Twitter
Advertisement

Book review: 'Lost Men'

Past perfect

Latest News
article-main
FacebookTwitterWhatsappLinkedin

Book: Lost Men
Author: Rajorshi Chakraborti
Publisher: Hachette
Pages: 253
Price: Rs350

All books, I maintain, are not meant for everyone. Rajorshi Chakraborti’s new short story collection Lost Men is no exception. It’s not for those with an attention span of a goldfish; and certainly not for those hooked to fairytale endings. On the other hand, if you like writings that linger in your head long after you’ve read them and, possibly, drive you to connect the missing dots in their narratives — think Paul Auster, think Chuck Palahniuk — Lost Men is a good bet for you.

The title sets the theme for the collection. Between the covers you will meet several men and (very few) women who are, as a character in one of the stories says, “victim[s] of accidents far outside [their] control”. The book opens with a cracking story titled ‘Knock knock’, where a bank employee turns an ordinary couple’s weekend into a nightmare and Chakraborti balances the quotidian with the abrupt with great finesse.
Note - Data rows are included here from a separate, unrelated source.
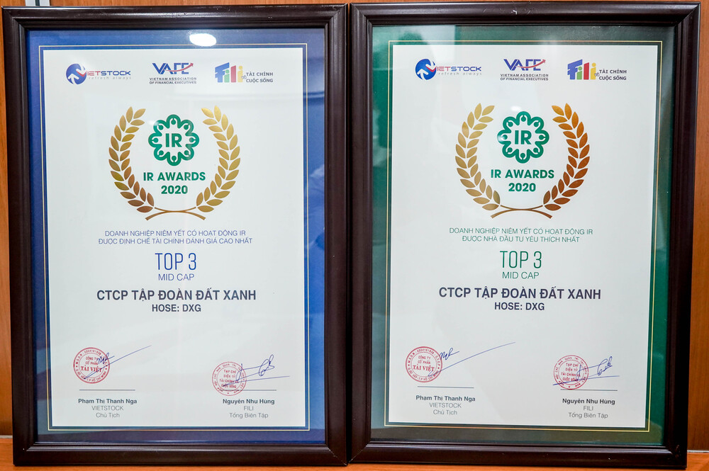 Ngày 22/09, tại TP.HCM, Công ty Cổ phần Tập đoàn Đất Xanh (HoSE: DXG) đã xuất sắc được vinh danh ở hai hạng mục quan trọng gồm Top 3 Doanh nghiệp niêm yết (Mid Cap) có hoạt động IR được nhà đầu tư yêu thích nhất và Top 3 Doanh nghiệp niêm yết (Mid Cap) có hoạt động IR được định chế tài chính đánh giá cao nhất trong lễ trao giải IR Awards 2020. Đây là năm thứ 3 liên tiếp DXG được đề tên ở giải thưởng này.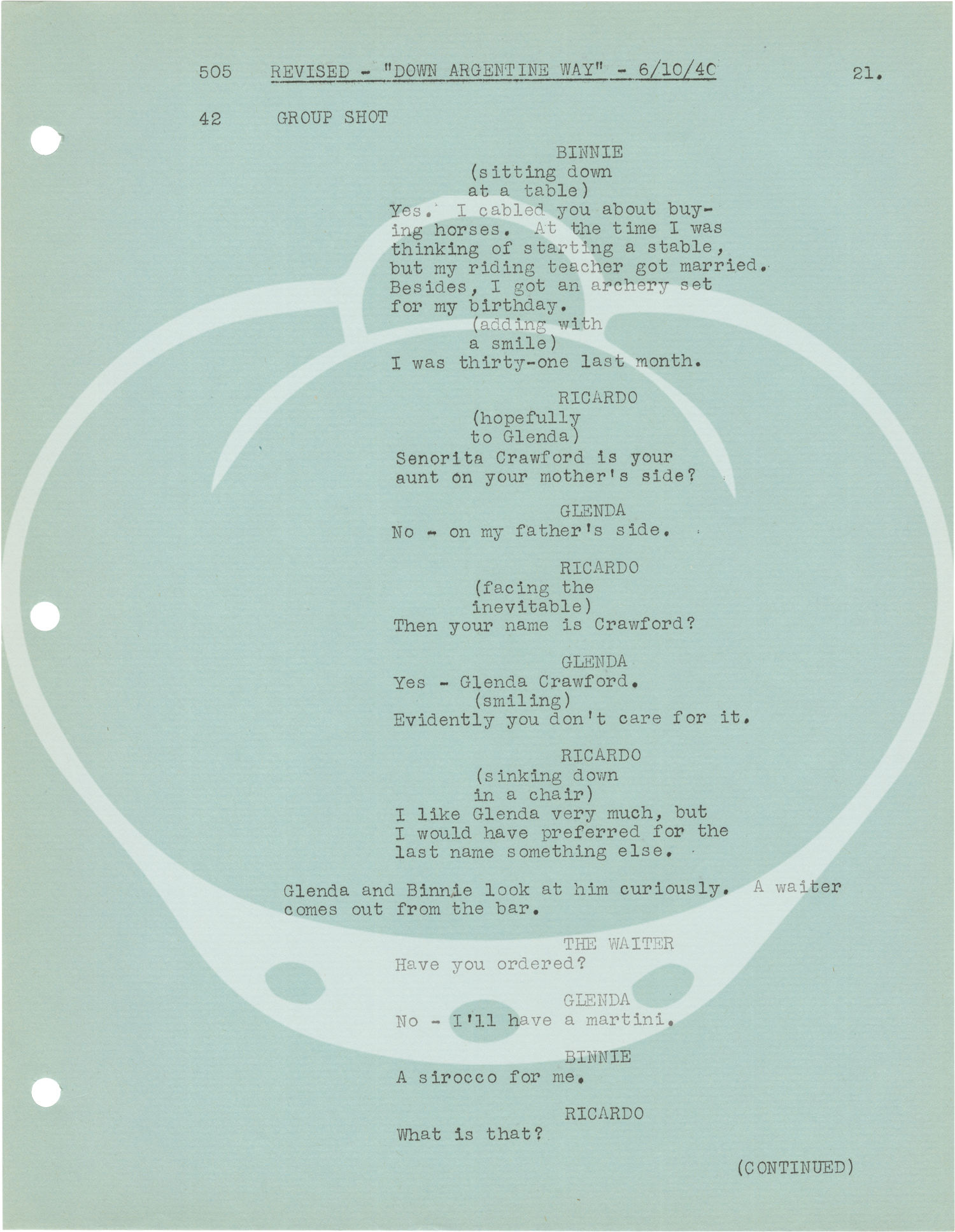 Down Argentine Way (Original screenplay for the 1940 film)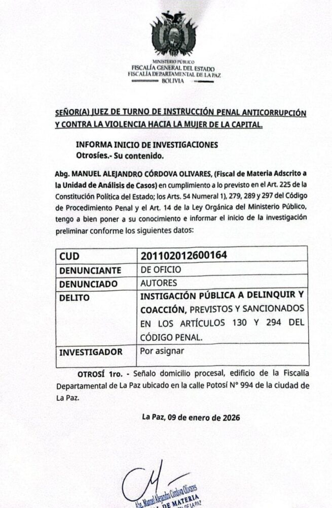 El fiscal departamental de La Paz, Carlos Torrez, informó que se abrió una investigación de oficio contra exdirigentes de la Federación de Trabajadores Campesinos Tupac Katari que amenazaron con saquear las comunidades que no acaten el paro y el bloqueo de caminos,  contra el Decreto Supremo 5503.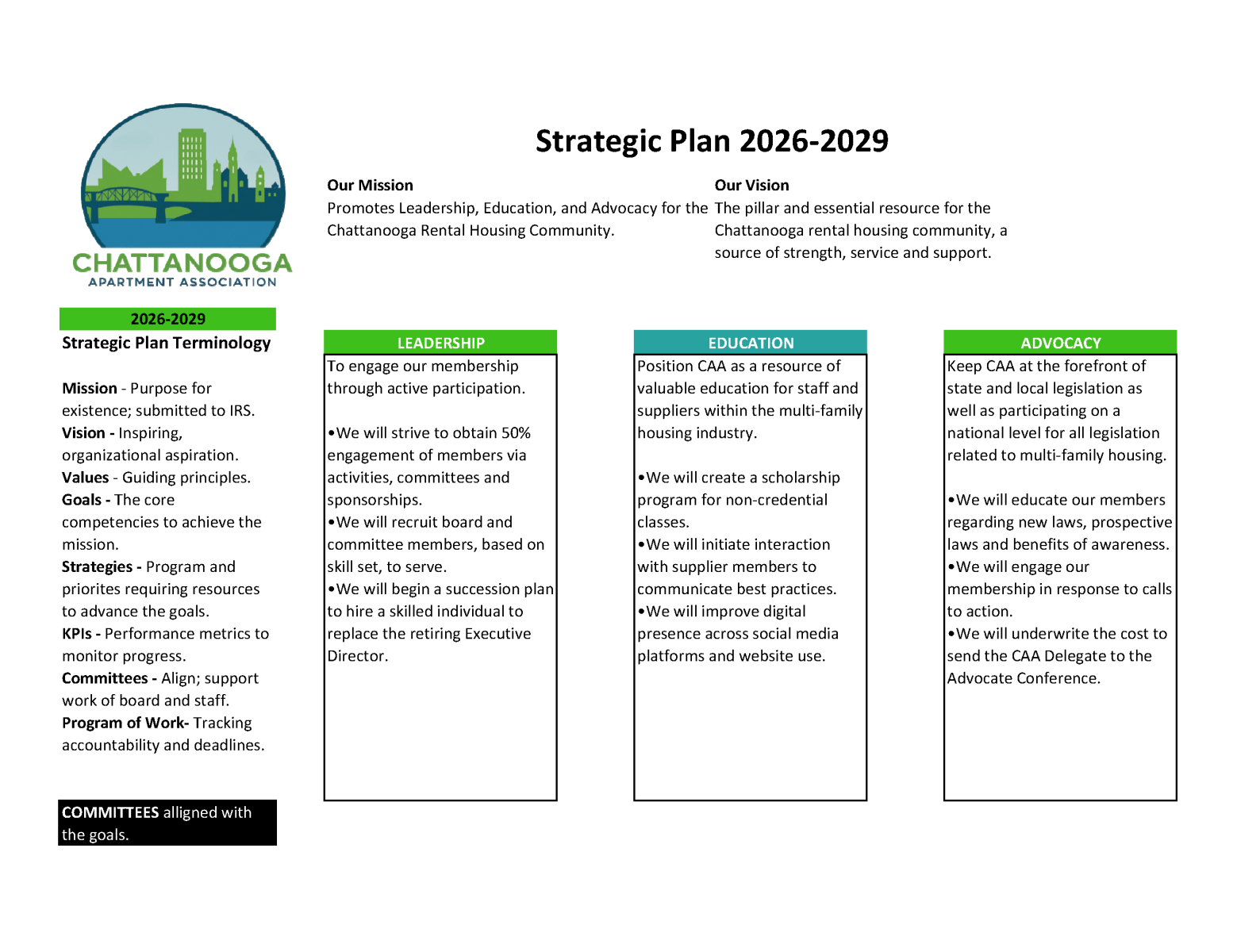 The Chattanooga Apartment Association (CAA) is a 501c(6) corporation (not-for-profit) trade association serving the interests of the rental housing industry. CAA offers quality educational programs, local advocacy support, and networking opportunities.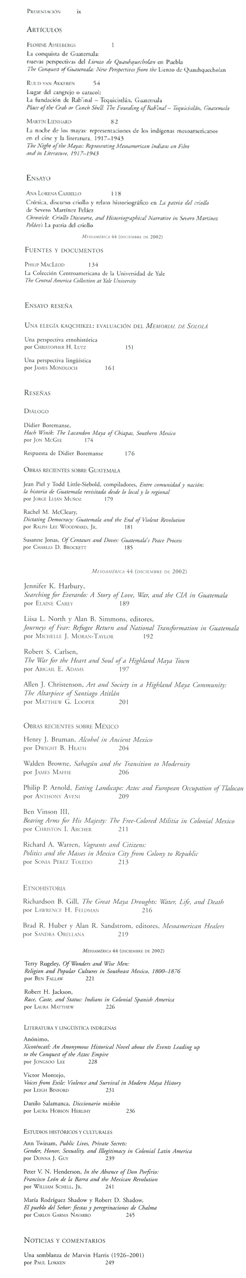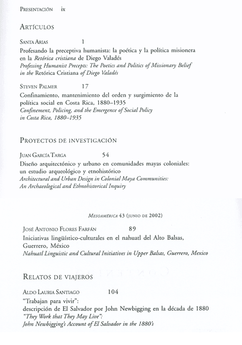 2002 año 23; n. 44; dic. (Sumario Imagen) 4 False /galerias/imagenes/revistas/sumarioImagen/mesoamerica-n44-2002.gif Se abre en ventana nueva: Sumario Default True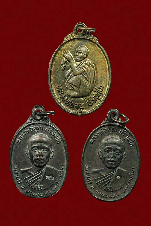 ชื่อพระเครื่อง 3 เหรียญ รุ่นคูณทอง หลวงพ่อคูณ ( มีเนื้อนวะ 1 เหรียญ ครึ่งองค์เนื้อทองแดงรมดำ 2 เหรียญ )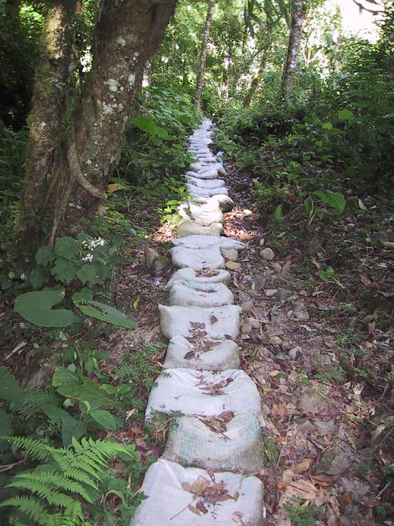 Short sections of the path we walked consisted of coffee bean sacks, filled with dirt and rocks.

The stories that follow are vignettes of the characters’ past clinging on to their present. As a result, they are perpetually suspended in time, struggling to locate their place in either realm. So, in ‘The last time I tried to leave home...,’ a young man setting out on a life-changing journey becomes a hostage to his memories and desires, which change his life but in a manner he didn’t envisage.

Similarly, the sight of a schoolmate sends the central character of ‘Half an hour’ back into his yesteryears in a way that compels him to set aside the important task at hand.

However, as in real life, these characters’ memories do not come without baggage. There are strong undercurrents of anxiety, grief, guilt and helplessness, besides “a quiet sense of something lost”, as Alfred Tennyson famously put it. These emotions are most aptly illustrated in ‘The third beside us’ and ‘The good boy’, stories whose protagonists reminisce about lost opportunities, which become apparent to them quiet late in their lives. ‘The good boy’ — which starts with the lovely line, “I might as well begin here, because this story is about nothing else” — suitably demonstrates the author’s ability to sweep the readers off their feet with his simple-yet-challenging prose.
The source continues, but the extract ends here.